The "advantages" of those countries seem to be that their public health systems were jolted into stronger epidemic planning by their experiences with SARS and MERS, and that their governments have a high level of surveillance exerted over and largely accepted by the population.

The virus has not yet gone into freewheeling explosive spread in poorer countries. Iran, which saw early rapid growth, has reported stable or declining daily numbers of new cases since 28 March, and stable or declining daily numbers of death since 19 March.

One factor there may be a younger population. In Iran, 4% of the population is over 70, and thus at special risk from Covid-19. In Italy, it's 16% (and in the UK, 11%).

So far the highest death rates in proportion to population are in Italy and Spain (between 210 and 220 per million). Then follow Belgium, the Netherlands, and France (between 87 and 62 per million).

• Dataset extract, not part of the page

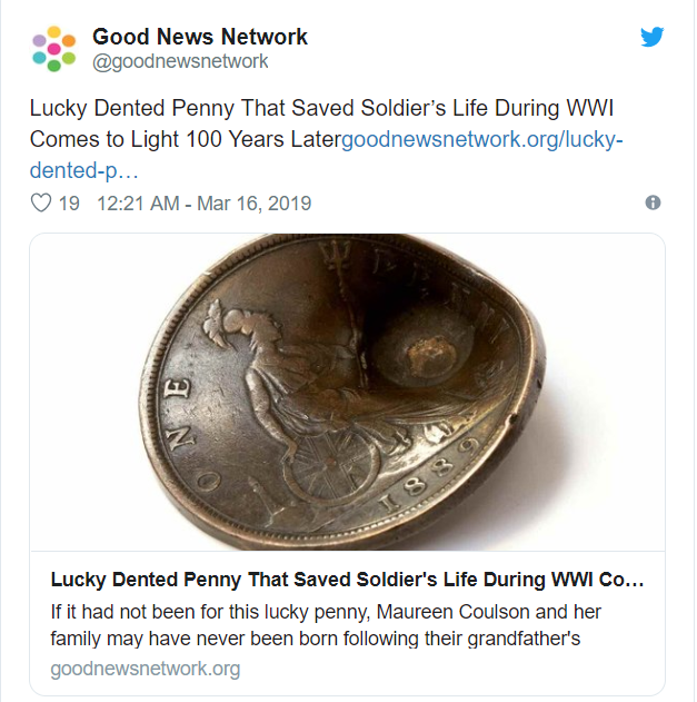 Over 100 years back, Trickett put a penny in his front pocket before going to battle on a French war zone in 1914. He was also keeping it when a German attacked him and the coin got slugged and leaving the fighter handicapped for rest of his life.

Even hard-hit Iran is on a lower level, at 38 per million. Deaths have been doubling about every three days in the USA since 3 March, but across the whole USA are still proportionately lower, at 15 per million. (New York state: 146 per million).

Brazil, despite the loudmouth irresponsibility of its Trump-like president, Jair Bolsonaro, is, on its official figures at least, still at 1 per million.

If an explosive impact of the epidemic can be delayed sufficiently that, by the time it comes, masses of spare medical equipment can be shipped from richer countries which are then past their pandemic peaks, or conceivably even vaccines or partial treatments are available, then millions of lives will be saved.